US 11,783,826 B2
System and method for data augmentation and speech processing in dynamic acoustic environments
Patrick A. Naylor, Reading (GB); Dushyant Sharma, Woburn, MA (US); Uwe Helmut Jost, Groton, MA (US); and William F. Ganong, III, Brookline, MA (US)
Assigned to Nuance Communications, Inc., Burlington, MA (US)
Filed by Nuance Communications, Inc., Burlington, MA (US)
Filed on Feb. 18, 2021, as Appl. No. 17/178,785.
Prior Publication US 2022/0262357 A1, Aug. 18, 2022
Int. Cl. G10L 15/22 (2006.01); G10L 15/06 (2013.01); G10L 21/0332 (2013.01); G10L 21/0224 (2013.01); G10L 21/0216 (2013.01)
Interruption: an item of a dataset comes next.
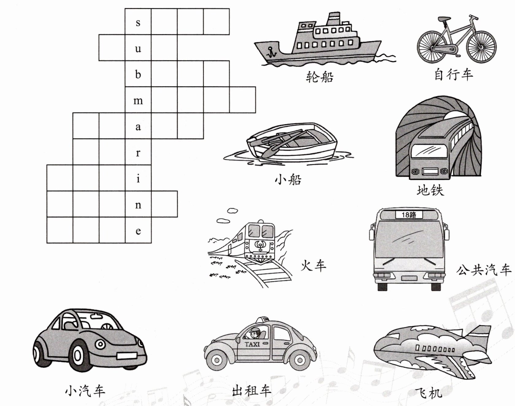 字谜从上到下依次为:ship bus boat metro train car taxi plane bike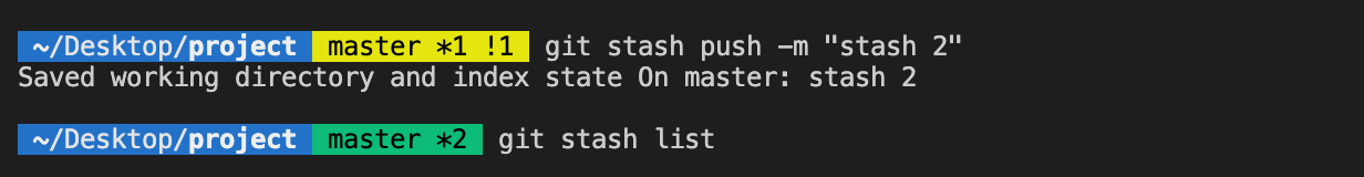 - 위 명령어로 stash stack에 저장할 경우 타이틀 없이 저장된다.

CPC G10L 15/22 (2013.01) [G10L 15/063 (2013.01); G10L 21/0224 (2013.01); G10L 21/0332 (2013.01); G10L 2021/02166 (2013.01)] 14 Claims
OG exemplary drawing
 
1. A computer-implemented method, executed on a computing device, comprising:
receiving one or more inputs indicative of at least one of:
a relative location of a speaker and a microphone array, and
a relative orientation of the speaker and the microphone array;
receiving one or more reference signals; and
training a speech processing system using the one or more inputs and the one or more reference signals, wherein training the speech processing system using the one or more inputs and the one or more reference signals includes training a plurality of speech processing models for a plurality of acoustic variations associated with the one or more reference signals;
receiving one or more run-time inputs indicative of at least one of:
the relative location of the speaker and the microphone array, and
the relative orientation of the speaker and the microphone array;
receiving a speech signal via the microphone array; and
performing speech processing via the trained speech processing system using the one or more run-time inputs and the speech signal.